ANCOVA results on EF mean amplitude revealed significant main effects of “Session” [F(1,35) = 4.20, p = 0.048, η_p² = 0.107, critical F = 4.12, 1−β = 0.55] and “Electrode” [F(2,70) = 4.99, p = 0.023, η_p² = 0.125, critical F = 4.12, 1−β = 0.62], together with a significant “Group × Session × Electrode” interaction [F(2,70) = 3.57, p = 0.033, η_p² = 0.093, critical F = 4.12, 1-β = 0.48]. When considering the covariate (i.e., education), the “Session” factor was found to be non-significant (p = 0.46). Post hoc comparisons for the “Electrode” main effect revealed that EF amplitude was significantly greater in the right hemisphere (F4; mean = 1.59, SEM = 0.18) than in both the midline (Fz; mean = 1.16, SEM = 0.19) and left hemisphere (F3; mean = 0.36, SEM = 0.20) (all p < 0.001).

Post hoc comparisons to disentangle the significant “Group × Session × Electrode” interaction revealed that middle-aged participants showed a significant reduction in left hemisphere EF amplitude after anodal (F3: mean = −0.54, SEM = 0.42) compared to sham (F3: mean = 0.67, SEM = 0.36) (p = 0.020) tDCS. Additionally, after anodal tDCS, middle-aged participants displayed a significantly smaller (p = 0.024) left frontal (F3) EF amplitude (F3: mean = −0.54, SEM = 0.42) than older adults (F3: mean = 0.94, SEM = 0.42).

No difference emerged when comparing the two groups after sham stimulation (p > 0.48).

3.2.2. Parietal old-new effect

ANCOVA results of the P old/new effect mean amplitude did not reveal any significant main effect or significant interaction (all p > 0.12).

3.2.3. Late frontal old-new effect

The results of the LF mean amplitude revealed a significant “Session × Electrode” interaction [F(2,70) = 4.96, p = 0.01, η_p² = 0.124, critical F = 4.12, 1−β = 0.62] and a significant “Group × Session × Electrode” interaction [F(2,70) = 4.36, p = 0.016, η_p² = 0.111, critical F = 4.12, 1−β = 0.56]. Post hoc comparisons to disentangle the significant “Group × Session × Electrode” interaction revealed that middle-aged participants showed a reduction in LF amplitude over the left hemisphere after anodal (F3: mean = −0.12, SEM = 0.50) compared to sham (F3: mean = 1.55, SEM = 0.64) (p = 0.023) tDCS. Comparing the LF effect between the two groups of participants, post hoc analysis revealed that older adults after sham (p = 0.046) showed a reduction in frontal (F3) LF amplitude (compared to middle-aged) but not after anodal tDCS (p = 0.466).

4. Discussion

In the present study, we investigated the behavioral and neural effects of atDCS applied over the left DLPFC during the encoding phase of an EM Old-New recognition task in healthy middle-aged and older adults. Behavioral results showed that age modulated the effect of atDCS during the encoding on EM abilities, with an opposite pattern of results in the two age groups: whereas older adults improved their recognition performance, middle-aged participants showed a worsening in performance. This is the first study to highlight such an age-related difference in atDCS outcomes regarding memory tasks.

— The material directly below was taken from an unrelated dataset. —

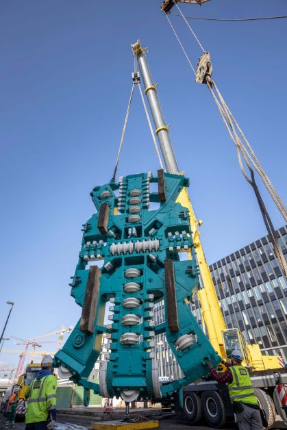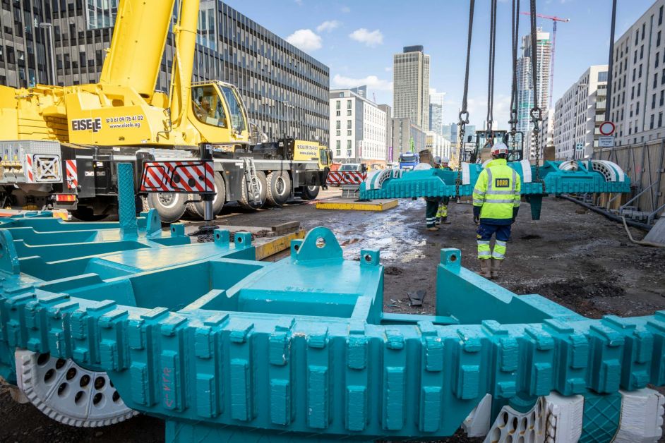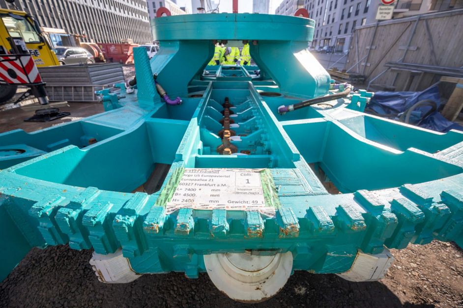 In der Nacht vom 18. auf den 19. März war das 7,1 Meter hohe und 49 Tonnen schwere Teil angekommen. Per Schwertransporter aus dem Herrenknecht-Werk in Schwanau in Südbaden. Das Unternehmen hat die TVM eigens für den Einsatz in Frankfurt entwickelt. Ein Unikat also und die erste vollautomatische Tunnelvortriebsmaschine in Frankfurt überhaupt.
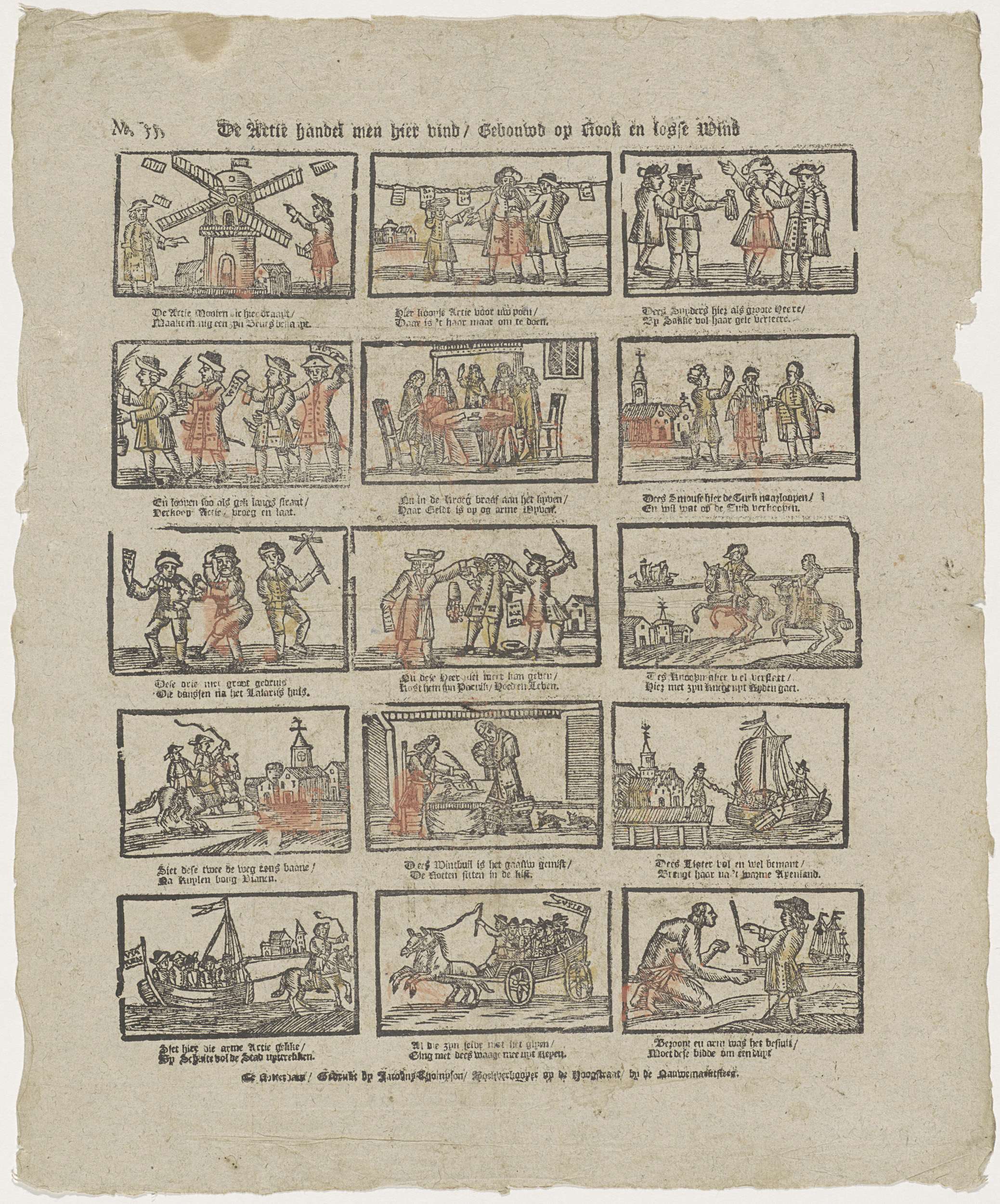 Blad met 15 voorstellingen over handel in aandelen (acties). Onder elke voorstelling een tweeregelig vers. Genummerd linksboven: No. 55.

Present results on how tDCS applied during the encoding phase of an EM task differently affected the behavioral indexes in the two age groups may help to disentangle the specific mechanisms of action of tDCS upon EM processes. Indeed, a better/worse recognition performance can rely either on a more/less efficient encoding of target images (Old stimuli) or on a reduction/increase of interference of distractor stimuli (New stimuli) during the recognition phase. The present results showed that Hits (Old stimuli correctly judged as old) were enhanced by 2.50% and reduced by 2.41% after atDCS (compared to sham) in older and middle-aged adults, respectively. In contrast, CR (New stimuli correctly judged as new) were not affected by atDCS. Thus, we hypothesize that prefrontal atDCS affected recognition memory performance by strengthening (or decreasing) the memory traces of old to-be-remembered images (those presented during the delivery of tDCS) rather than by acting upon the response to distractor stimuli (New items) that have not been presented during the encoding phase. These findings appear consistent with an “online,” within-session effect of atDCS, rather than an “offline” post-tDCS session improvement (Sandrini et al., 2019), emphasizing that task component and age, not only tDCS, are relevant elements in determining the final effect.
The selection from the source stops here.